## What to produce
Reproduce the full listing as it stands. Images do not belong in the copy.

## Material shown

○ ○ ○ ○

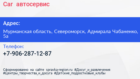 Car+, автосервис по адресу Мурманская область, Североморск, Адмирала Чабаненко, 5а в дальнейшем Организация, размещена в следующих категориях:
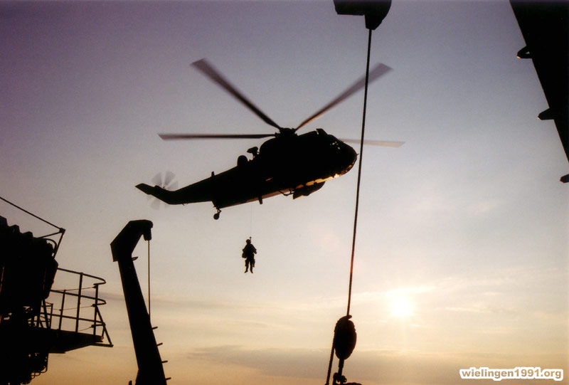 VERTREP (Vertical Replenishment) avec un "Sea King" de la base de Coxyde. (
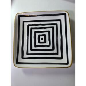 OVER AND BACK Black White Whimsy Appetizer Dessert Ceramic Square Plate Set of 6
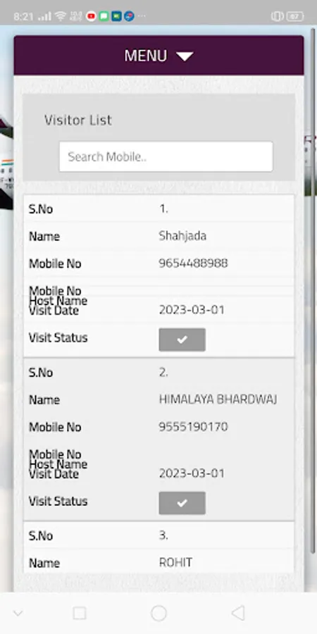 Visitor's verification is done through OTP. Therefore, the details of the visitor are accurate and cannot be tampered with
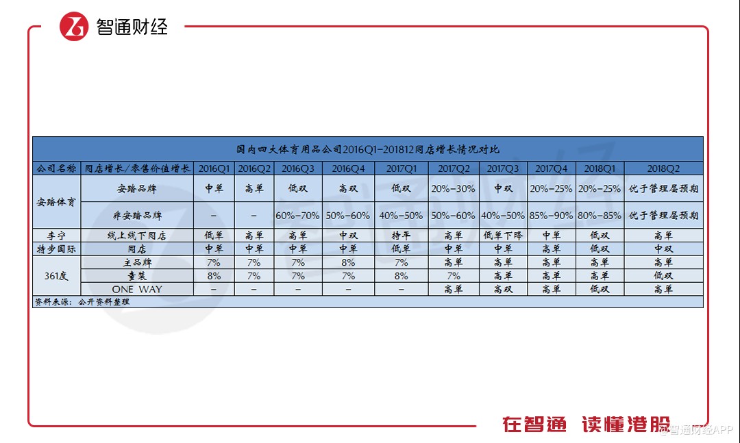 智通財經(jīng)APP根據(jù)公開資料整理發(fā)現(xiàn),特步過往季度的同店銷售增長水平時常保持在中單位數(shù)甚至低單位數(shù)的增長水平,直到2018年一季度才實(shí)現(xiàn)低雙位數(shù)增長,這也是公司自2013年一季度開始披露這一數(shù)據(jù)以來,首次達(dá)到雙位數(shù)增長。
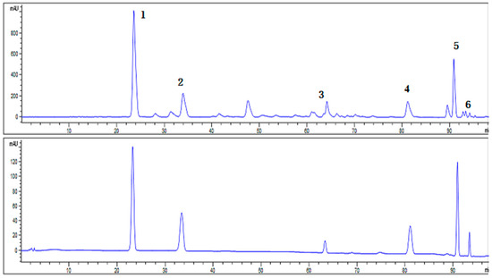 | Peak No. | Retention Time (min) | Compounds | Content in Sample (mg/g) |
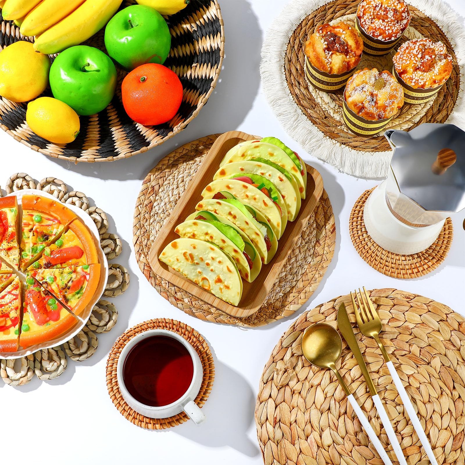 как выглядит 11 Pcs Boho Hanging Wall Basket Decor Handmade Woven Basket Wall Decorative B... фото
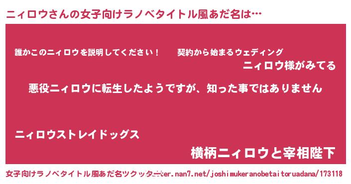 | 男性向けラノベタイトル風あだ名 | 『この素晴らしい世界にニィロウを!』 |
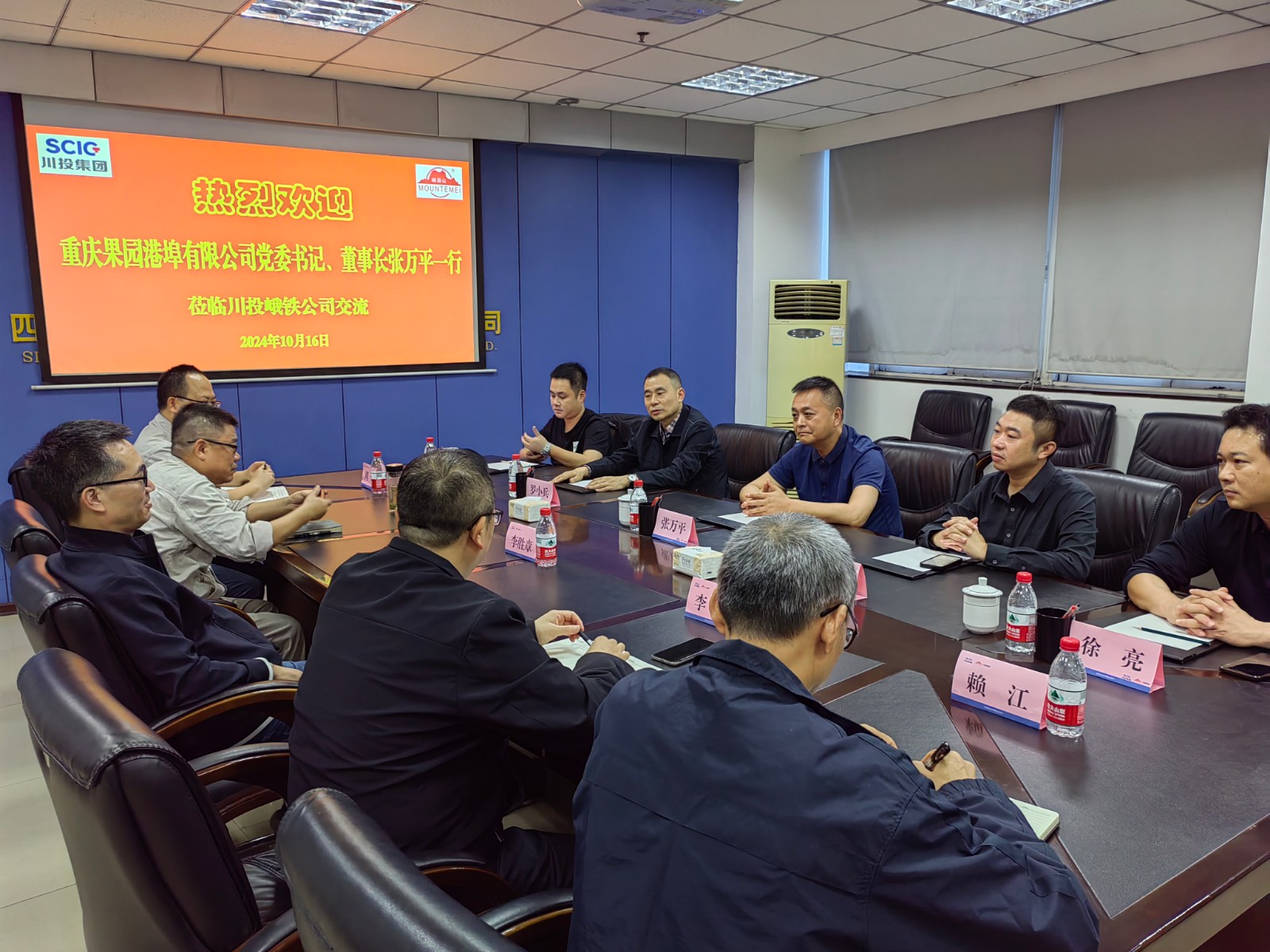 10月16日,重慶果園港埠有限公司黨委書記、董事長(zhǎng)張萬(wàn)平一行5人到訪公司。川投峨鐵公司黨委書記、董事長(zhǎng)李勝章,黨委副書記、總經(jīng)理陳新龍,黨委委員、常務(wù)副總經(jīng)理李宏,營(yíng)銷總監(jiān)周全在908會(huì)議室與來(lái)訪客人進(jìn)行了交流座談。
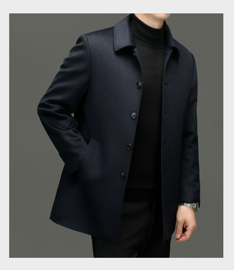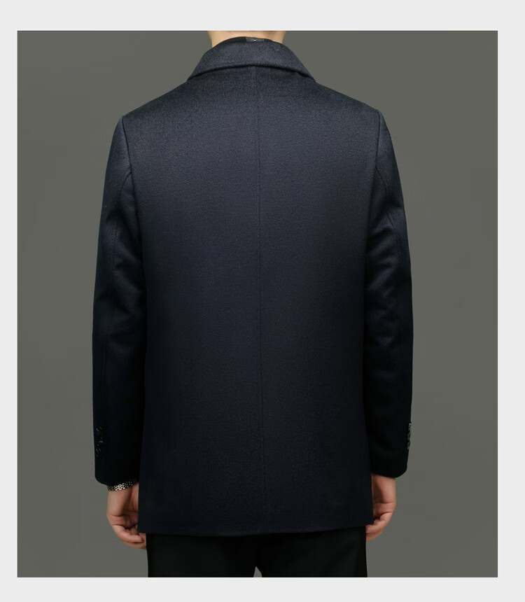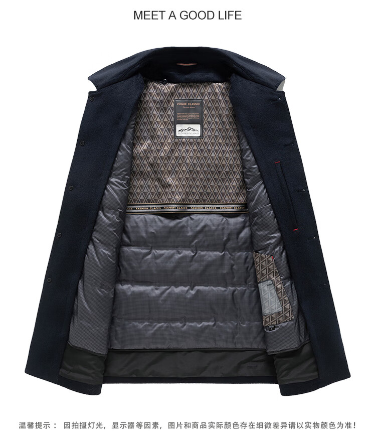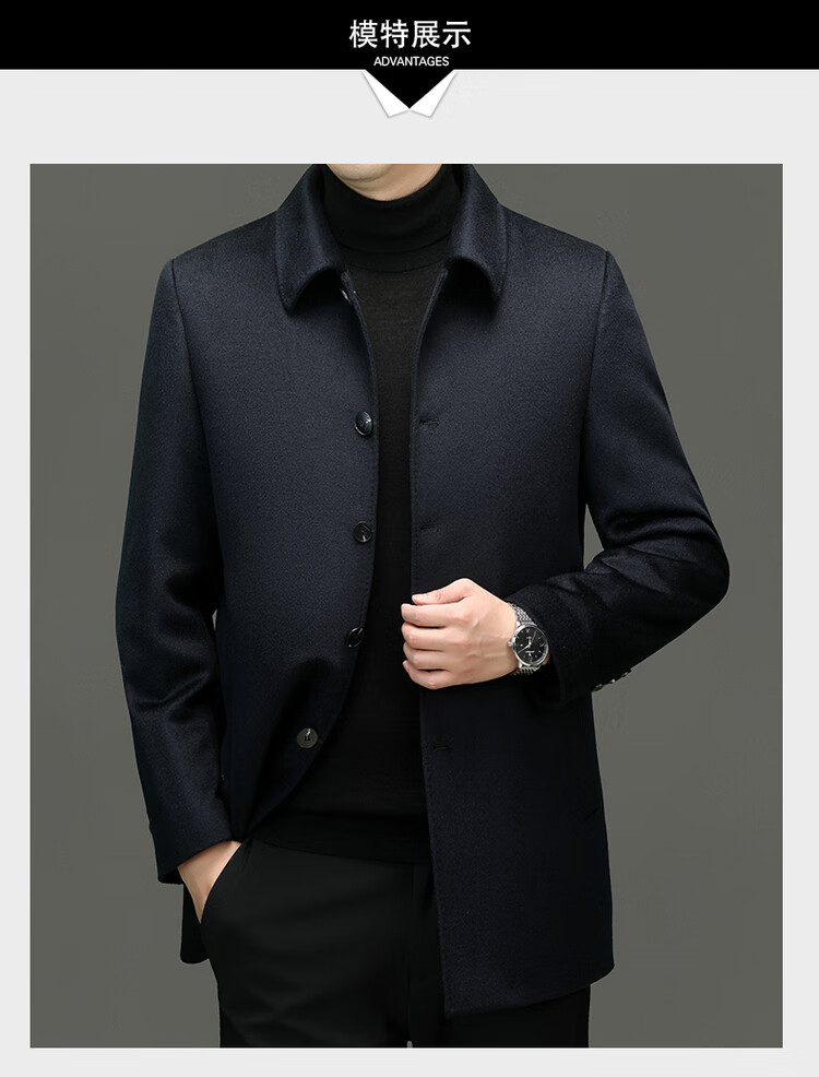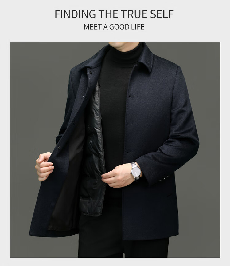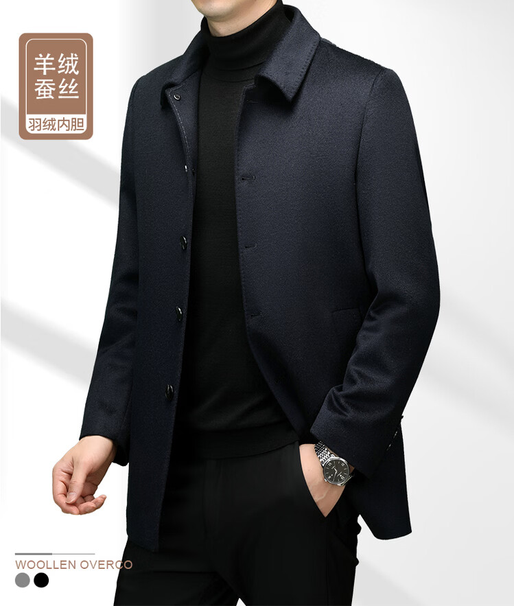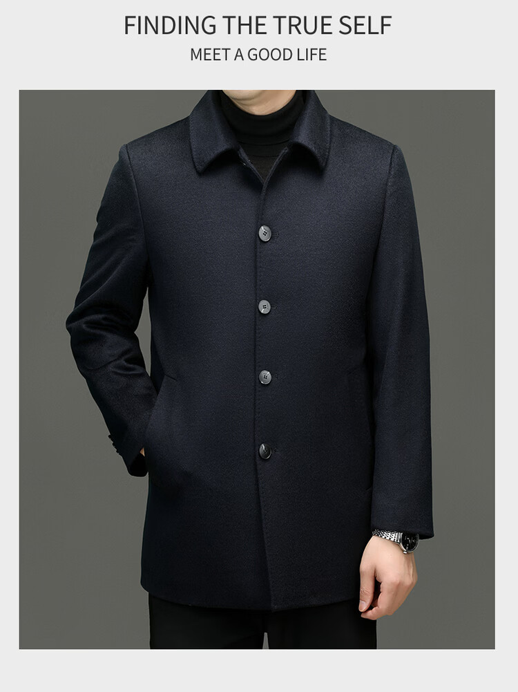 Hengyuanxiang cashmere wool woolen coat men's medium-length mulberry silk down lining commuter woolen coat
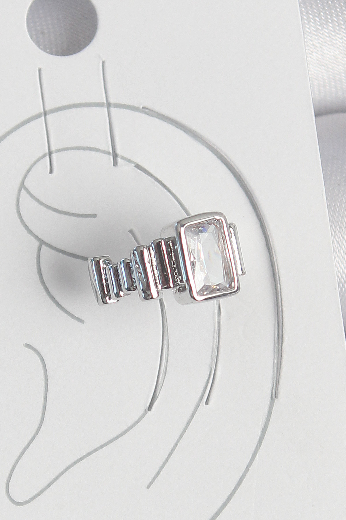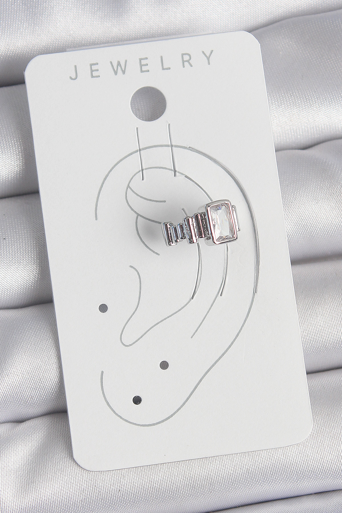 Tegan Pirinç Gümüş Renk Kare Zirkon Taşlı Kadın Kıkırdak Model Küpe TG27BKP10560
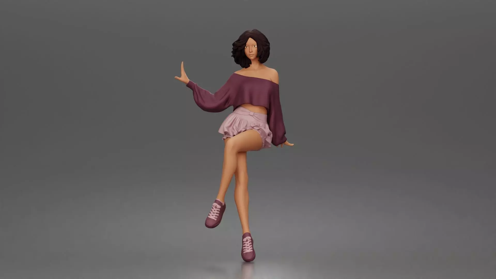 Stylish girl sitting gracefully in relaxed offshoulder top skirt 3D print model
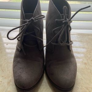 Tan suade booties, lace up. Size 8.5 but can fit a size 8 fairly well. Have been wore few times.
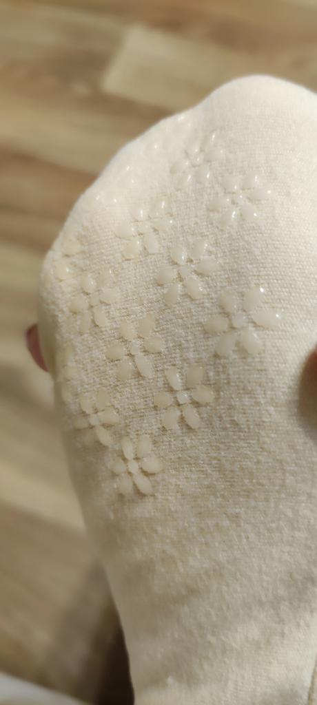 The socks are nice, flannel, warm. I bought them to wear at home instead of slippers. There is silicone on the sole in the shape of a flower to prevent the sole from slipping. The socks will fit up to size 39 at most.
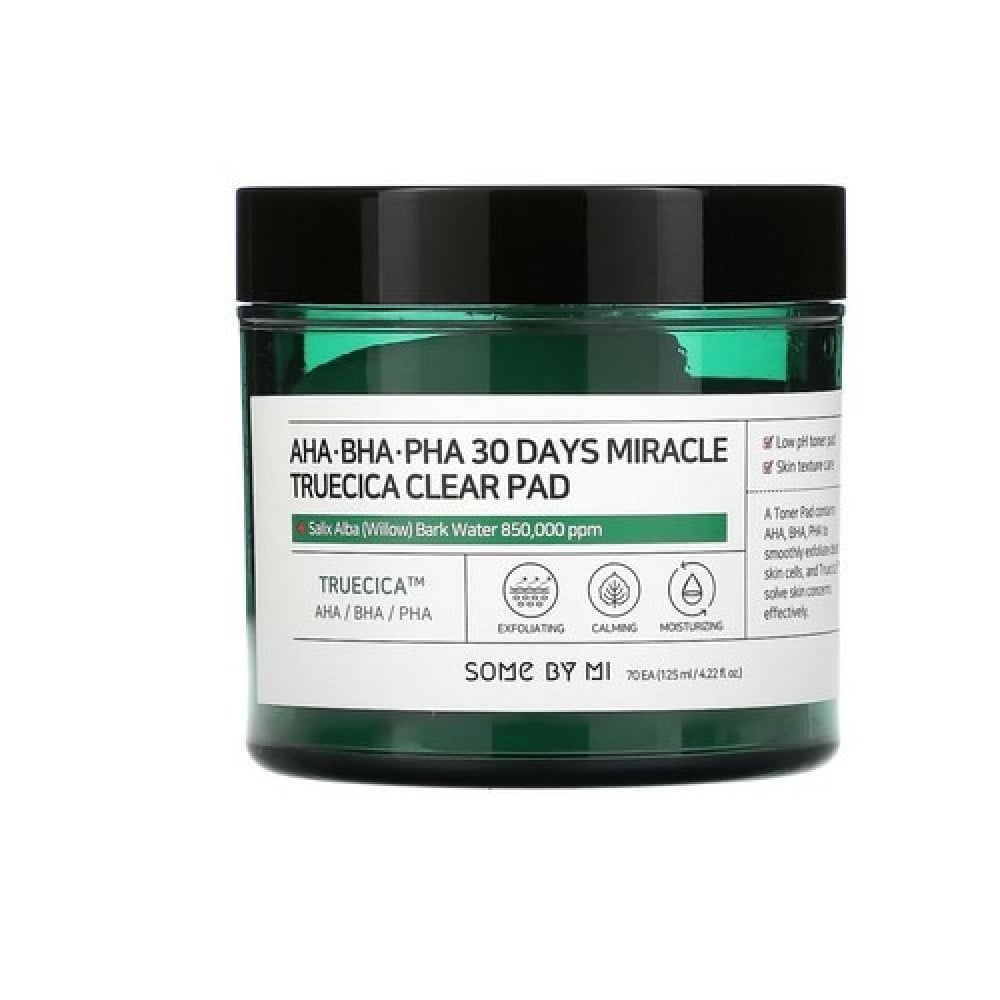مسحات قطنية تروسيكا المعجزة من سوم باي مي 70 قطنة، قطع قطنية ناعمة نقعت بتركيز عالي من مياه جذور الصفصاف 85 % لتنظف البشرة بفاعلية عالية، كما تحتوي على احماض التقشير الطبيعية (ألفا، بيتا، وبولي هيدروكسي أسد ) والتي تزيل الأوساخ، الدهون الزائدة، والخلايا الميتة من المسام بمسحة واحدة. مكونة من سطحين احدهما ناعم والاخر منقوش لتوفر تنظيف عميقا للبشرة. تهدئ البشرة الحساسة والملتهبة.
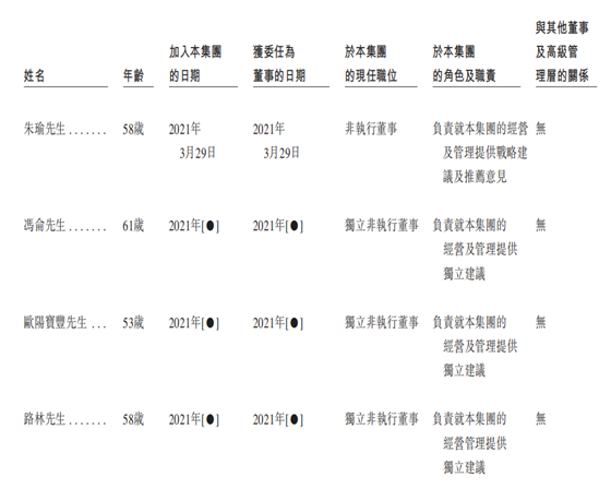 其中,朱瑜曾担任旭辉控股副总裁、旭辉永升服务执行董事;欧阳宝丰曾任宝龙地产首席财务官、复星地产副总裁等,现仍担任中国天然气集团、弘阳地产、中梁控股、新力控股等上市公司的独立非执行董事。

○ ○ ○ ○

## Response area
 Car+, автосервис по адресу Мурманская область, Североморск, Адмирала Чабаненко, 5а в дальнейшем Организация, размещена в следующих категориях:
 VERTREP (Vertical Replenishment) avec un "Sea King" de la base de Coxyde. (
 OVER AND BACK Black White Whimsy Appetizer Dessert Ceramic Square Plate Set of 6
 Visitor's verification is done through OTP. Therefore, the details of the visitor are accurate and cannot be tampered with
 智通財經(jīng)APP根據(jù)公開資料整理發(fā)現(xiàn),特步過往季度的同店銷售增長水平時常保持在中單位數(shù)甚至低單位數(shù)的增長水平,直到2018年一季度才實(shí)現(xiàn)低雙位數(shù)增長,這也是公司自2013年一季度開始披露這一數(shù)據(jù)以來,首次達(dá)到雙位數(shù)增長。
 | Peak No. | Retention Time (min) | Compounds | Content in Sample (mg/g) |
 как выглядит 11 Pcs Boho Hanging Wall Basket Decor Handmade Woven Basket Wall Decorative B... фото
 | 男性向けラノベタイトル風あだ名 | 『この素晴らしい世界にニィロウを!』 |
 10月16日,重慶果園港埠有限公司黨委書記、董事長(zhǎng)張萬(wàn)平一行5人到訪公司。川投峨鐵公司黨委書記、董事長(zhǎng)李勝章,黨委副書記、總經(jīng)理陳新龍,黨委委員、常務(wù)副總經(jīng)理李宏,營(yíng)銷總監(jiān)周全在908會(huì)議室與來(lái)訪客人進(jìn)行了交流座談。
 Hengyuanxiang cashmere wool woolen coat men's medium-length mulberry silk down lining commuter woolen coat
 Tegan Pirinç Gümüş Renk Kare Zirkon Taşlı Kadın Kıkırdak Model Küpe TG27BKP10560
 Stylish girl sitting gracefully in relaxed offshoulder top skirt 3D print model
 Tan suade booties, lace up. Size 8.5 but can fit a size 8 fairly well. Have been wore few times.
 The socks are nice, flannel, warm. I bought them to wear at home instead of slippers. There is silicone on the sole in the shape of a flower to prevent the sole from slipping. The socks will fit up to size 39 at most.
مسحات قطنية تروسيكا المعجزة من سوم باي مي 70 قطنة، قطع قطنية ناعمة نقعت بتركيز عالي من مياه جذور الصفصاف 85 % لتنظف البشرة بفاعلية عالية، كما تحتوي على احماض التقشير الطبيعية (ألفا، بيتا، وبولي هيدروكسي أسد ) والتي تزيل الأوساخ، الدهون الزائدة، والخلايا الميتة من المسام بمسحة واحدة. مكونة من سطحين احدهما ناعم والاخر منقوش لتوفر تنظيف عميقا للبشرة. تهدئ البشرة الحساسة والملتهبة.
 其中,朱瑜曾担任旭辉控股副总裁、旭辉永升服务执行董事;欧阳宝丰曾任宝龙地产首席财务官、复星地产副总裁等,现仍担任中国天然气集团、弘阳地产、中梁控股、新力控股等上市公司的独立非执行董事。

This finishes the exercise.